Here’s the second concert I’ve been to, and it’s just getting better and better. They were rockin’ hard at the Baltimore Civic Center, and that was yet another concert that it was, like, Okay, this is what I want to do! I know what I want to do now. They were all young and had a lot of energy. To see them play live at that point in time, they were really rockin’ hard. That f irst record was incredible and then Paranoid.

oh boy, here i go killing again

I loved Black Sabbath, they were one of my favorite bands. Is it better to be a guy to be up onstage? Is it going to be a deficit being a woman getting up onstage? It’s weird, those things entered the picture many years later, but nonetheless that was a big part of what was happening during the ‘70s and ‘80s That really, I think, was a big changing point in my life where I really decided - although I don’t know how much you can decide at the age of 11 - but I really did decide that’s what I wanted to be. With the grass seats, maybe it’s 12 or something. It’s like six or seven thousand, I believe.

oh boy, here i go killing again

I had their records, and as a kid to see that. Even at 11, I mean, I loved Led Zeppelin, I loved the Who. I remember just my mouth was hanging open the whole time. That was Zeppelin’s first journey to the States, opening for the Who. That really did blow my mind, seeing that. Of course, I was only like 11 or 12 or something like that. How lucky was I? I didn’t even realize it at the time. As a drummer, you must feel so fortunate that you were able to see both John Bonham and Keith Moon. Your first concert is Led Zeppelin opening for the Who at the Merriweather Post Pavilion in 1969.

oh boy, here i go killing again

Schock shares some of her best concert tales with UCR, along with memories she accumulated as she was attending shows and meeting some of her favorite artists.

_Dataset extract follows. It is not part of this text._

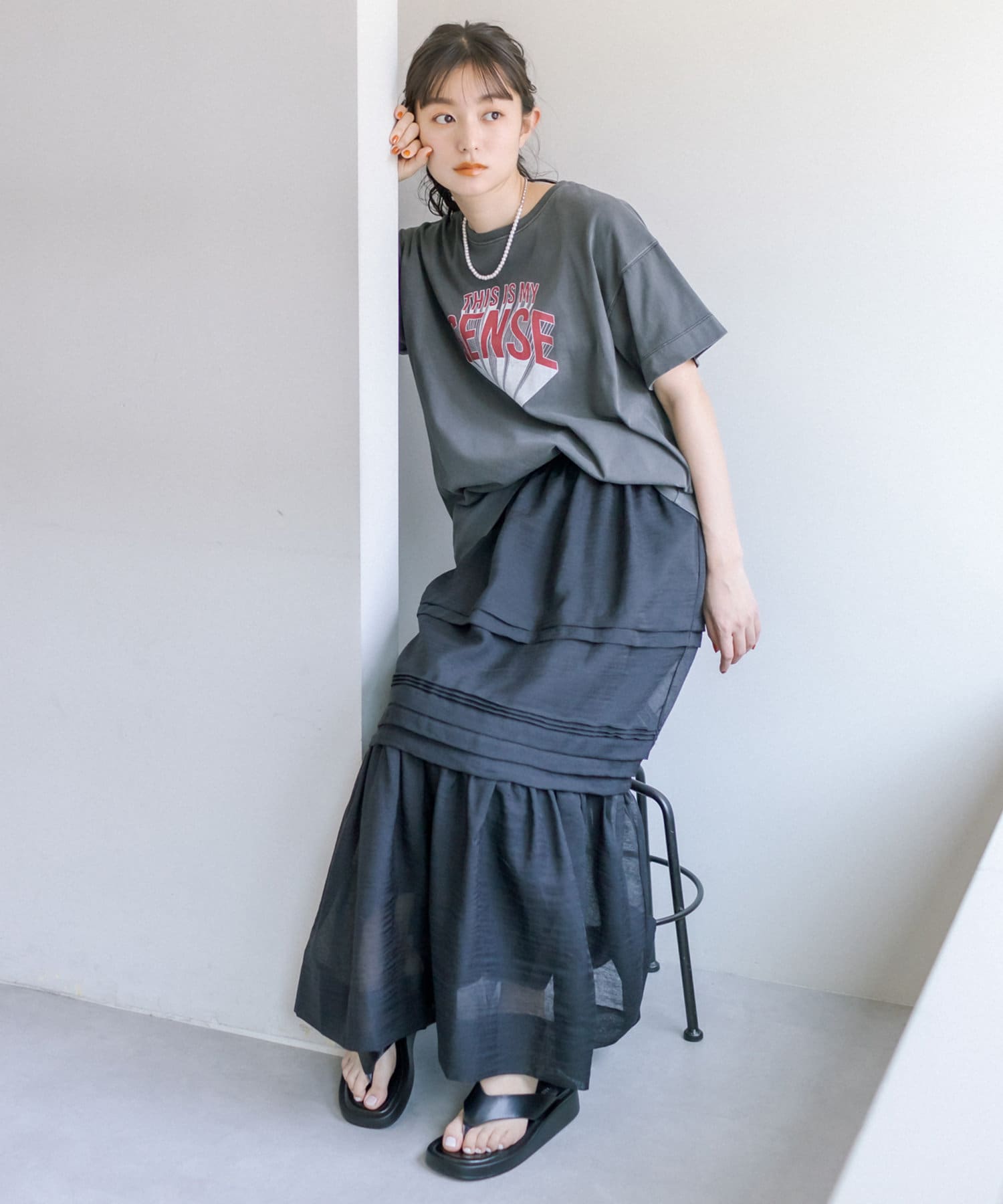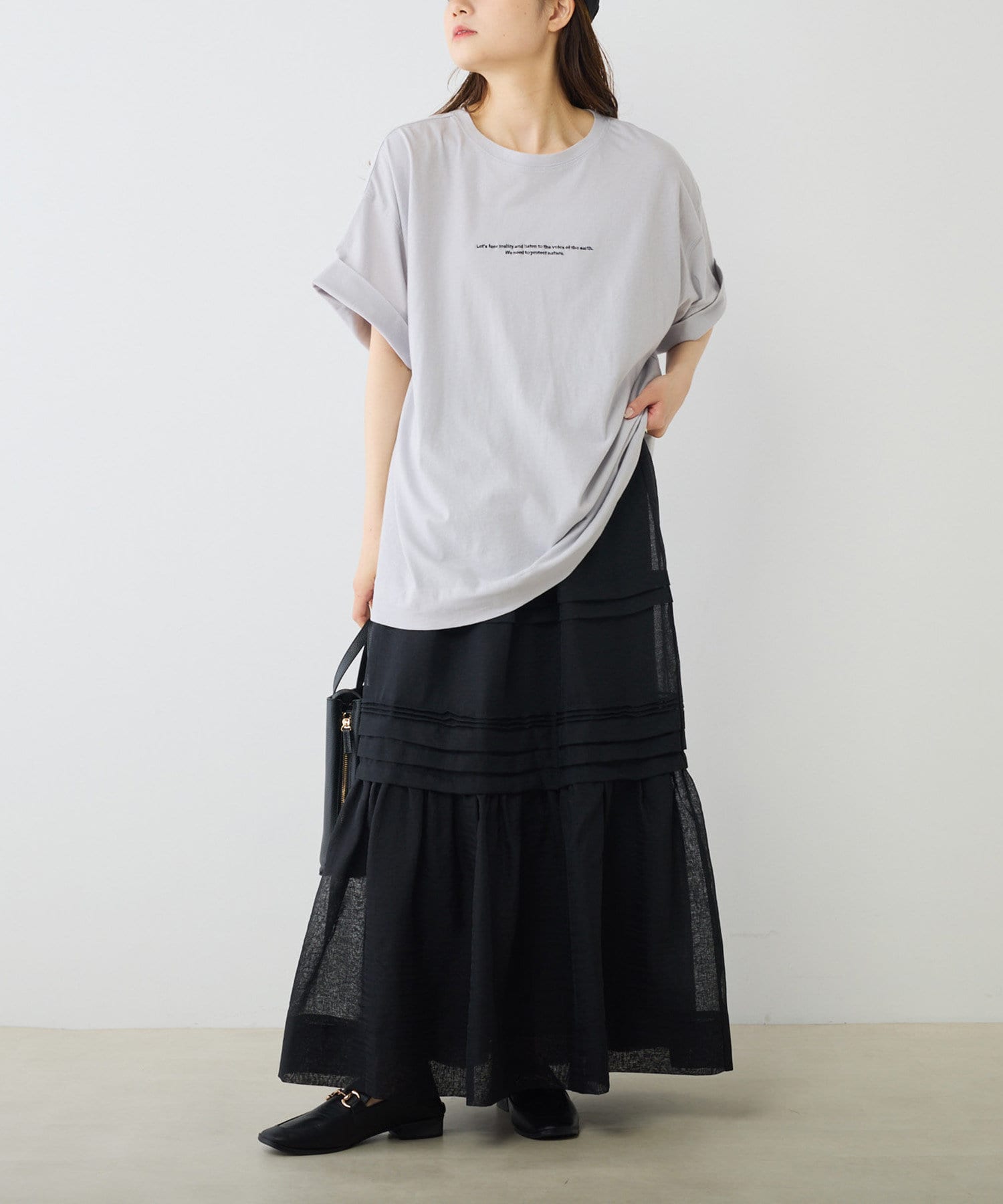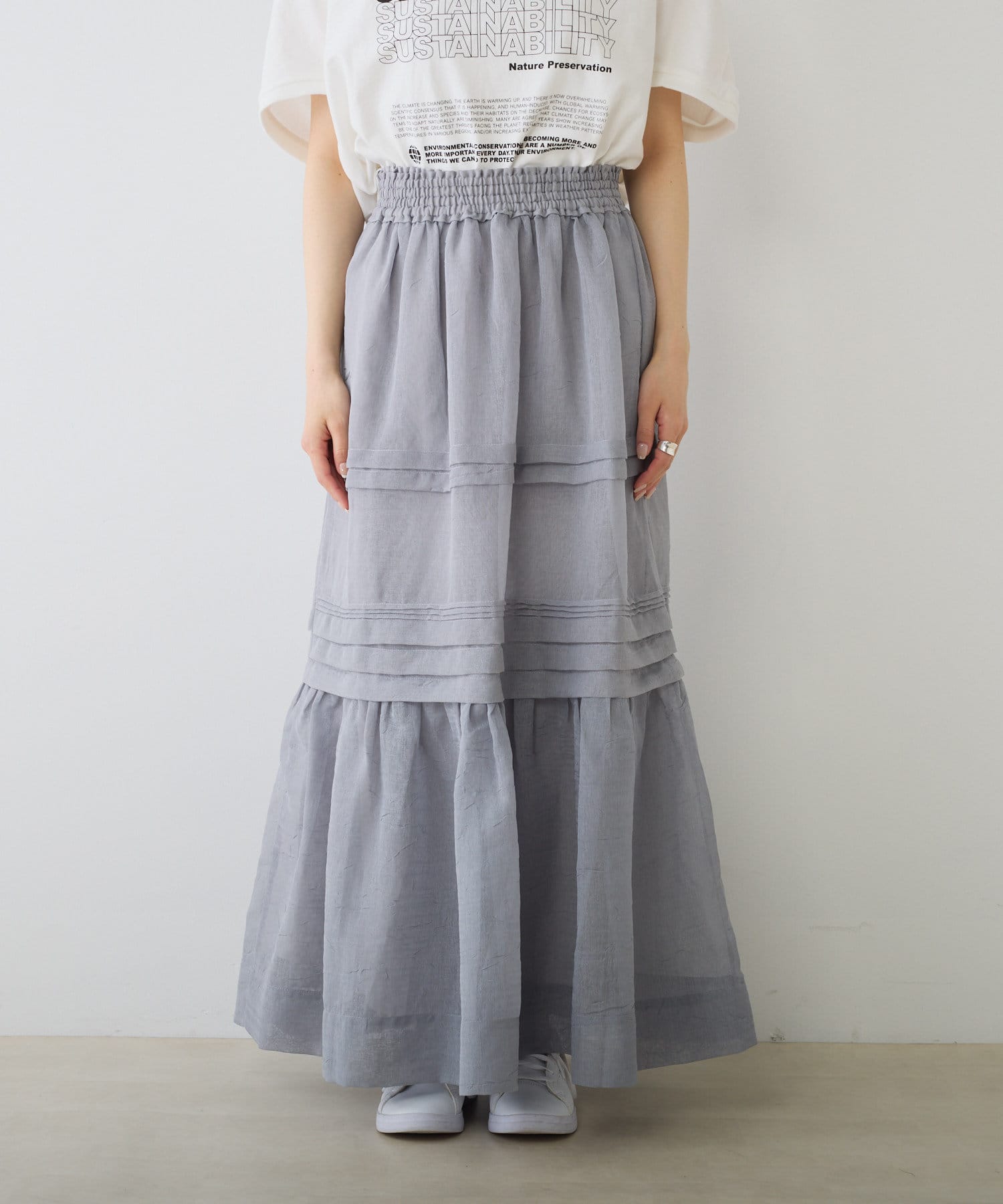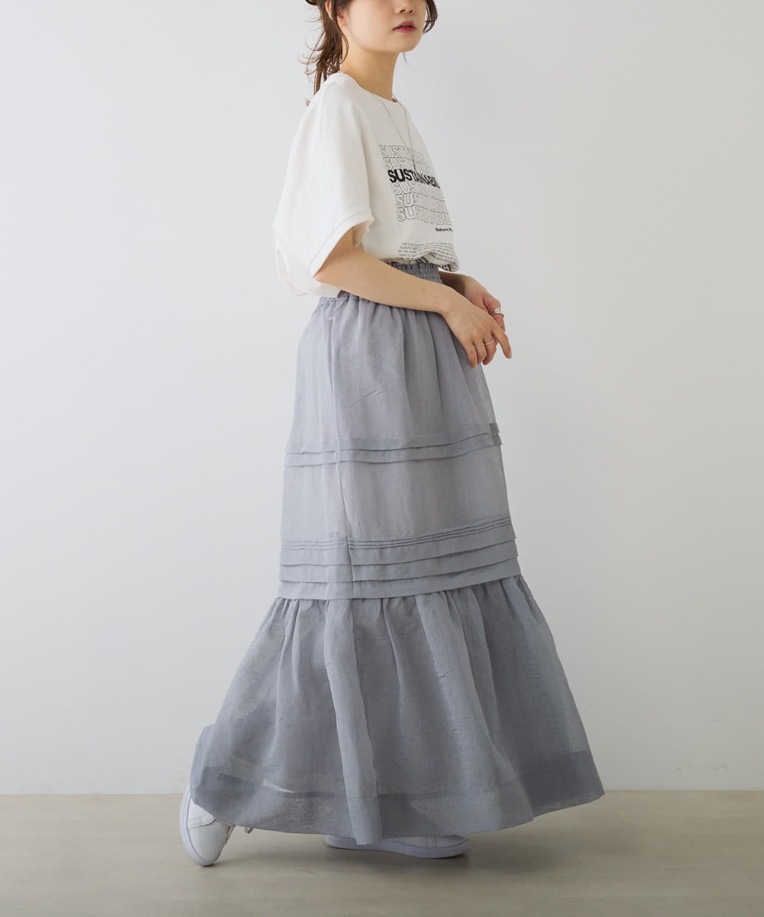 スウェットやTシャツなどのラフな合わせでもオーガンジー素材が女性らしさをプラス。

The ticket stubs pile high from that point. The spunky Baltimore native was there to see the Who and Led Zeppelin at her first concert, followed by Black Sabbath as her next one. From her earliest days as a young music obsessive, she was attending concerts by almost anyone you can name from the golden era of classic rock. Drummer Gina Schock has a new book, Made in Hollywood: All Access With the Go-Go’s , which takes stock of the group's history from a fan's perspective.